Hamilton já falou várias vezes sobre ter um bom relacionamento com Russell (Foto: Mercedes)

“Foram muitas coisas diferentes desde o início. Os quiques foram uma das mais visíveis”, indicou. “A rigidez, a rigidez geral do carro, até o ponto em que a suspensão é bem inútil. Mais rígido que os pneus. Os pneus estão, então, achatando e quicando, então estão quicando também nos pneus”, acrescentou.

“E aí a característica aerodinâmica. O arrasto é um enorme problema para nós. Quando passamos de uma certa velocidade, é aí que as outras pessoas escapam. É quando você freia, a dianteira afunda e a traseira sobe, a transferência aerodinâmica neste período e quando você acelera. É a diferença entre baixa e alta velocidade. Existem muitos problemas”, reconheceu. “É por isso que, literalmente, eu tentei tudo. Tentei todos os acertos possíveis. Era isso que eu estava fazendo no início do ano. Toda a ideia de ter a melhor performance possível e ter o melhor resultado a cada fim de semana, claro, seria bom, mas era mesmo para resolver problemas. Então pensei em sacrificar a temporada ou todas as sessões para poder obter mais dados e informações. Para que quando eles voltassem para a fábrica, tivessem um melhor entendimento do que estava acontecendo. Mas, no fim, isso atrapalhava alguns finais de semana”, reconheceu.
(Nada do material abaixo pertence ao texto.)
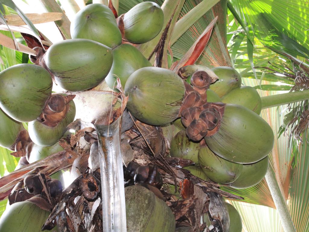 Wir hatten uns bereits im Vorfeld bei Seyvillas einen Mietwagen gebucht und dieser wurde auch pünktlichst am ersten Tag an uns übergeben, so machten wir uns auch gleich auf das Vallée de Mai zu besuchen. Wir wählten eine Tour mit einen deutschsprachigem Guide und los ging es durch diesen Wald mit dem dichten Blätterdach der Kokuspalmen, bis wir dann auch schon die ersten riesigen Kokusnüsse der Coco de Mer sahen, wir konnten die Exemplare auch selbst einmal hochheben und alles genau betrachten. Immer wieder machte uns der Guide auf Vögel oder kleine Echsen aufmerksam und zeigte uns die verschiedensten Palmenarten, die nur hier auf Praslin wachsen.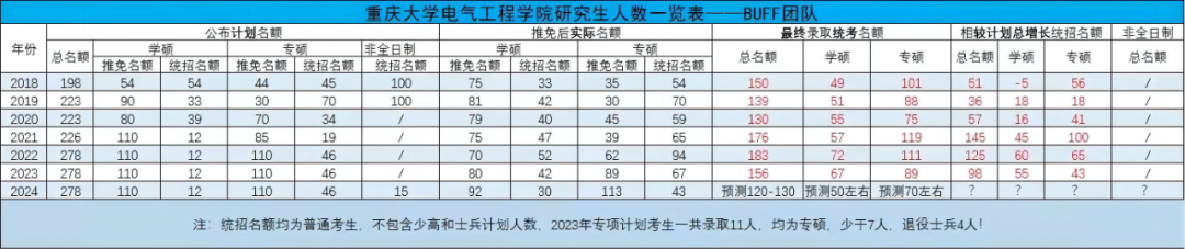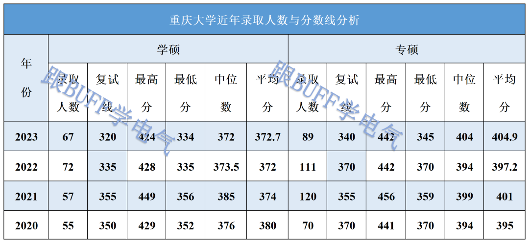 2023年重庆大学电气学硕参加复试122人,录取67人,复录比1.9:1,复试线320分,录取最低分334分,最高分424分,平均分372.7分,390分以上全部录取,复试线相较于2022年降低15分。专硕参加复试279人,录取84人,复录比3.32:1,复试线340分,录取最低分345分,最高分442分,平均分404.9分,复试线相较于2022年降低30分。后续又进行了补充录取,补录了五名考生,所以专硕最终招生人数为89人。重庆大学电气实力强劲,尽管学硕23年的复试线较22年降低15分,专硕降低30分,但是录取的平均分变化不大,学硕录取平均分近年都在370+,专硕平均分更是在400分左右,竞争更大。从招生人数上来看,重庆大学特殊计划不占据统考名额。而且几乎每年实际招收的统考名额都远远大于考试前公布的统招名额,很大一部分原因是总名额中的大部分指标都给了保研,但是每年保研人数都没达到指标数,剩下的名额就顺到了统招名额。所以看到官网公布的名额不要轻易退缩,看每年实际录取人数才具备参考性!一、复试内容

Mesmo com tudo isso, quis evitar chamar a temporada e o carro de decepções.

“Não quero usar a palavra ‘decepção’ porque você tem que lembrar que há 2.000 pessoas na fábrica que estão trabalhando muito duro para acertar o carro. Claro, eu gostaria que tivéssemos acertado e tivéssemos atualizações para nos empurrar para a frente. Eu queria estar brigando na frente, mas não é assim que é”, analisou Hamilton após o GP da Bélgica.
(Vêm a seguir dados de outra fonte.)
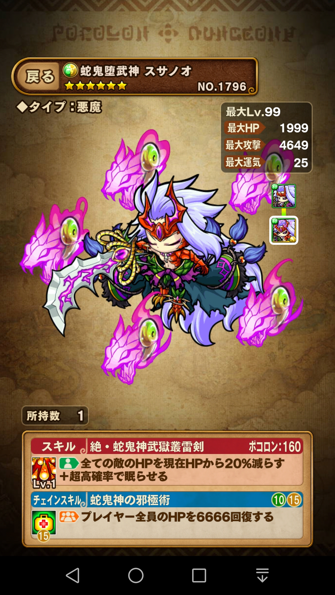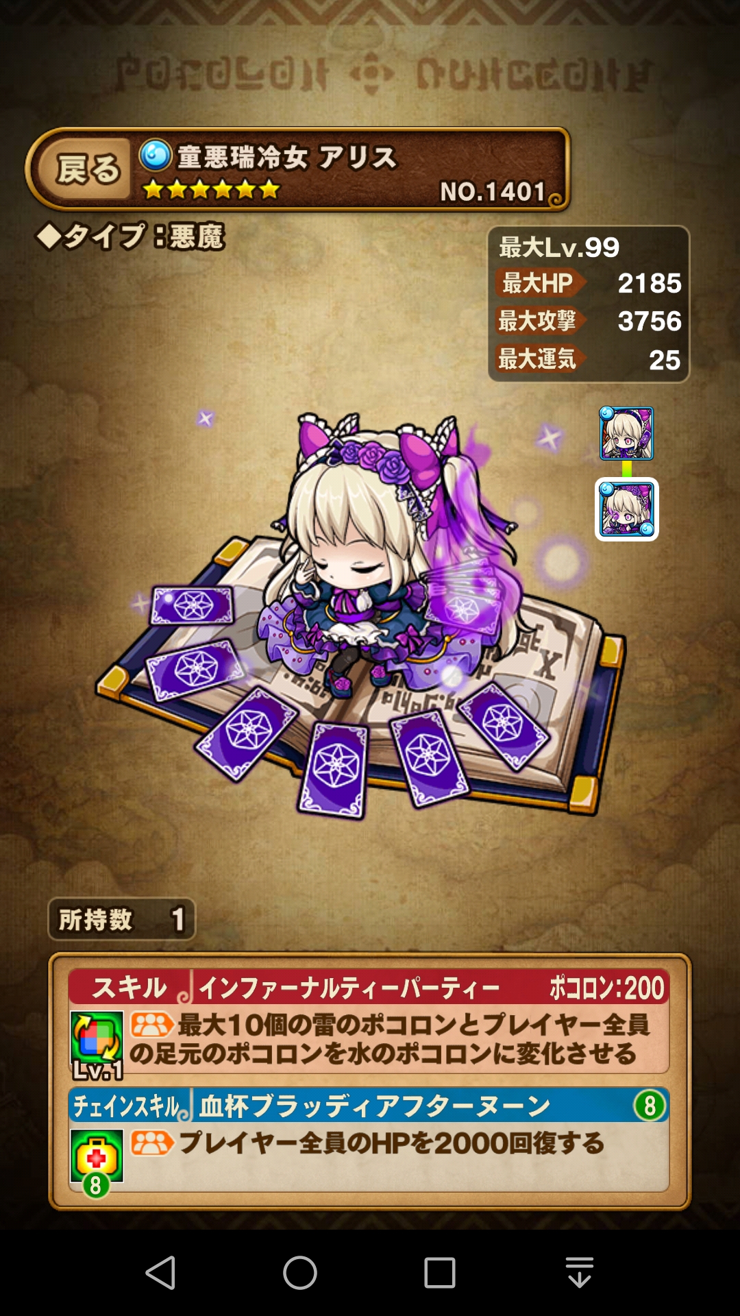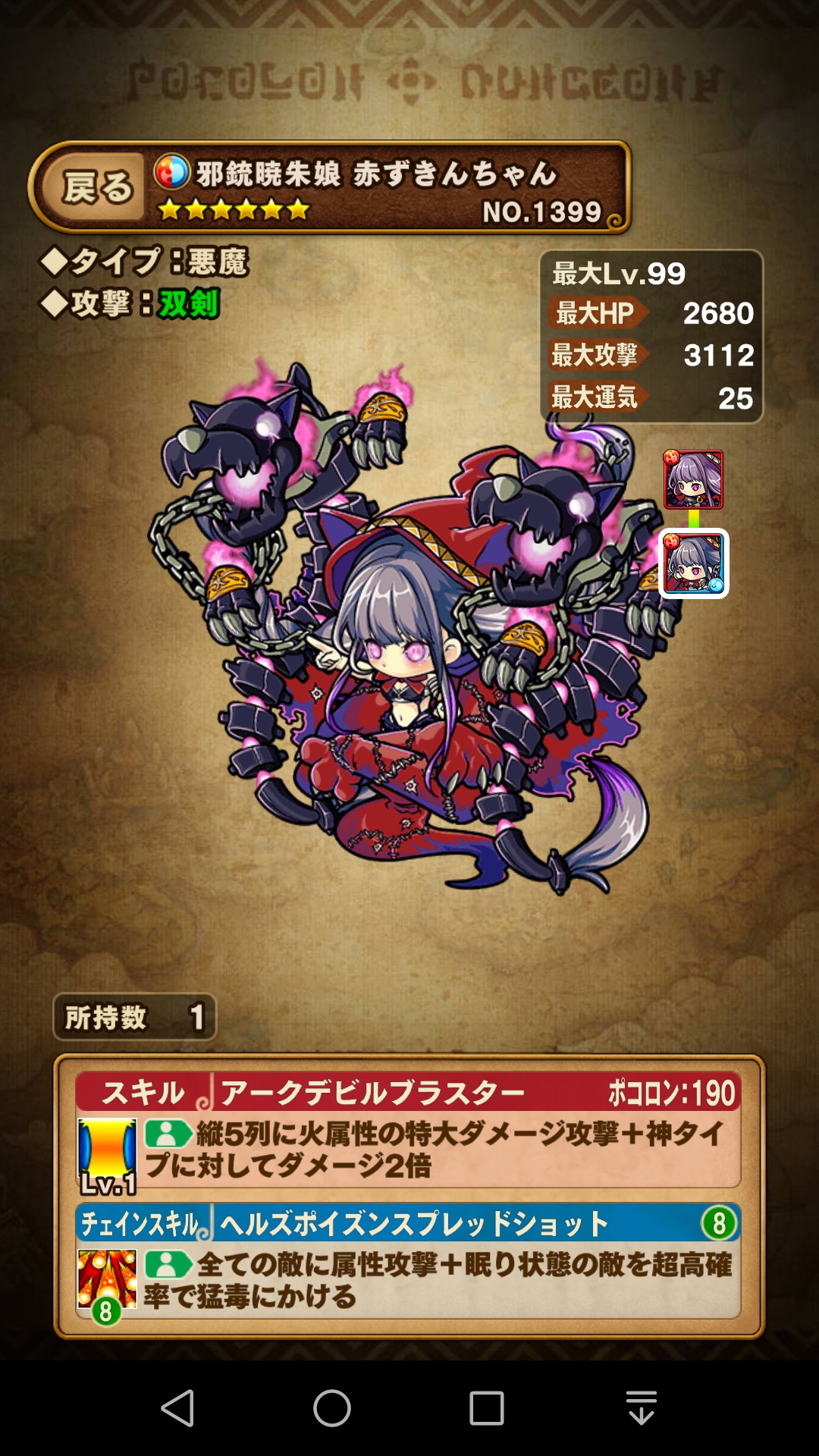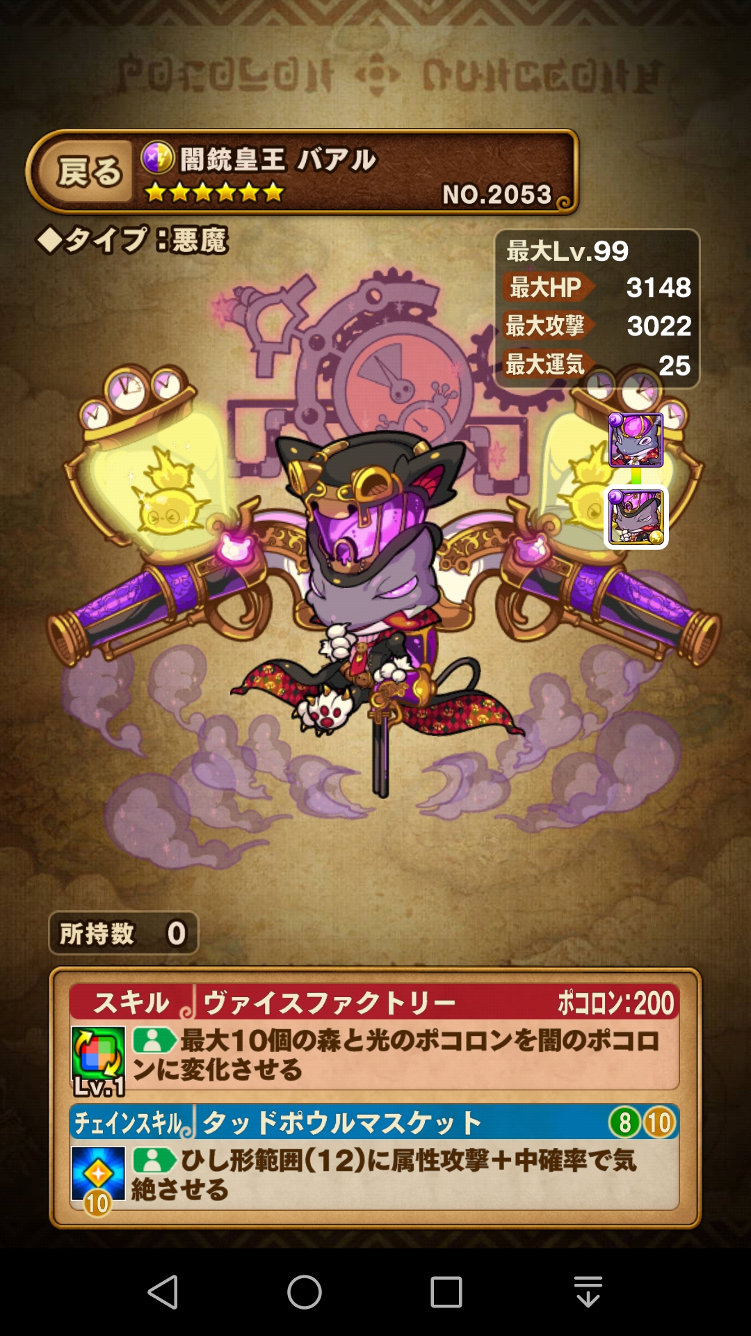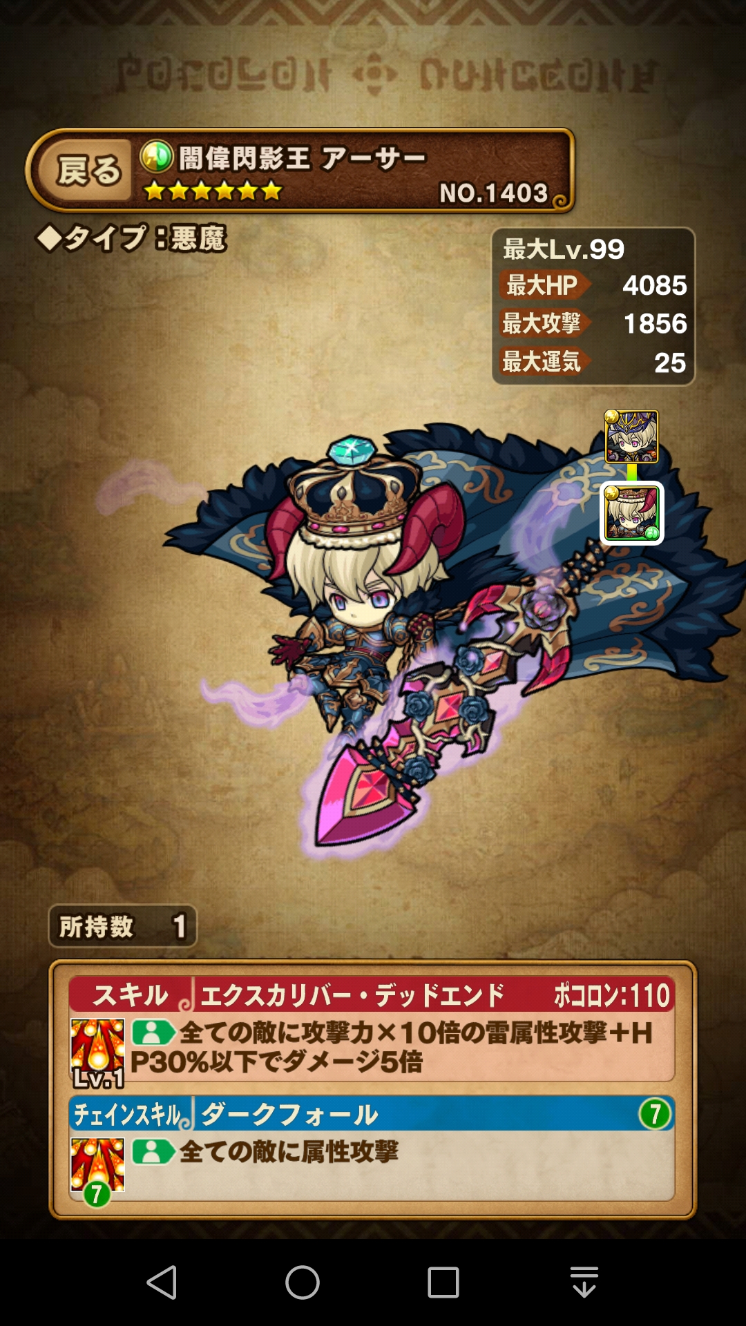 そして、この『闇斧王バアル』が、闇の変換スキル持ちという 貴重な存在なので是非運25を作成したい所です。

“Você sabe o que precisa tirar do carro, sabe onde fazer, mas não vai. Ele simplesmente não quer ir aonde você quer e não reage da maneira que você quer, ou qualquer coisa como qualquer carro do passado. Este carro, na fase inicial, meio que desafiou todas as características normais que você experimentaria ao longo de toda a sua carreira de piloto. Como equipe, estamos apenas tentando muitas coisas”, completou.

Hamilton segue com a Mercedes para 2023 (Foto: Mercedes)

“Agimos de maneira a cada fim de semana, fizemos o trabalho no simulador, trabalhando na fábrica. Mas então, quando você chega à pista e vai para o asfalto, era a mesma bagunça que tivemos na corrida anterior. Eu definitivamente diria que foi difícil para todos”, afirmou.

Depois de apenas um pódio nas oito primeiras corridas do ano, Lewis foi a mais oito nas 14 restantes. O nível melhorou, mas a única vitória da equipe no ano veio com Russell, assim como a única pole. Hamilton jamais terminara uma temporada sem poles ou vitórias, bem como nunca abaixo do quinto lugar do Mundial de Pilotos. Foi sexto colocado.

Wolff terminou 2022 elogiando a postura de líder, bem como a qualidade da pilotagem, o que é justo. Mas é justo também apontou 2022 como a pior temporada da maior carreira da história da Fórmula 1. Com um ano de contrato e discutindo uma renovação para chegar aos 40 anos de idade no grid, Hamilton ainda é uma força no grid, mas precisa usar 2023 para mostrar que ainda é quem manda em casa e superar Russell. Fazer mais que isso vai depender da Mercedes.